For this assignment, you will need that social history you just completed and all the materials you gathered. Based on that information, you will develop a diagnosis for the student. You will list each of the axes – all five – and include your estimate of GAF number.
This is just an exercise, so spend a few minutes thinking about what it means to give a youngster a label. Remember your pledge to keep information confidential. This is about a real student, but it should not go into your files or the permanent records.
Instead, your confidence should be building with respect to understanding the psycho-educational evaluations you receive, and you can be more knowledgeable as you interpret them for yourself, other teachers and the parents. You may also be able to recognize when they are adequate, pinpoint a child well, or miss some of the details. After all, you gain insights in day-to-day work with your student that are not possible in a half-day session with a psychometrist.

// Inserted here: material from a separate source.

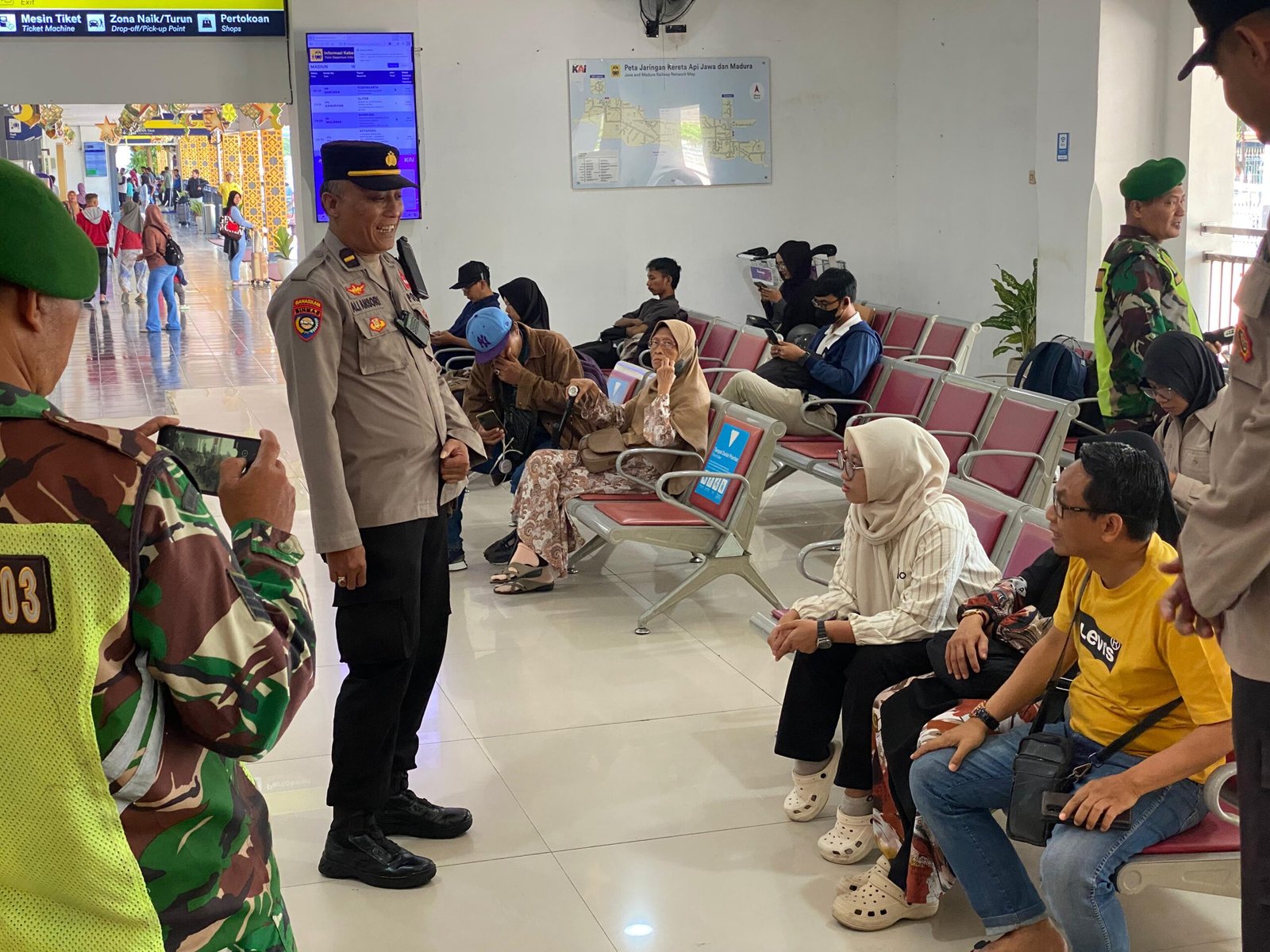 Stasiun kereta api merupakan salah satu objek vital yang memiliki potensi kerawanan gangguan kamtibmas, terutama saat arus mudik Lebaran. Oleh karena itu, personel gabungan yang terdiri dari TNI, Polri, Polsuska, serta tenaga kesehatan secara rutin melakukan patroli dan memberikan imbauan kepada penumpang agar selalu waspada terhadap barang bawaan.

. . . and that leads to the last reminder. Some people are more adept than others at getting to the heart of issues. No matter how sophisticated and gifted a diagnostician, the time spent with a child is little more than a snap-shot of a few moments, and the background that comes with the picture is a tiny piece of the environment. It is impossible to draw satisfactory conclusions from such a snippet of life. Instead, we gain a direction, a chance to get further involved, to care more, to work to get to know the child and the family a little better.
Remember that the family spends years with the child and has an important and valuable set of insights about who the child is, the long-term history, and a lot of love invested.
Remember that the child has insights, feelings, beliefs about self.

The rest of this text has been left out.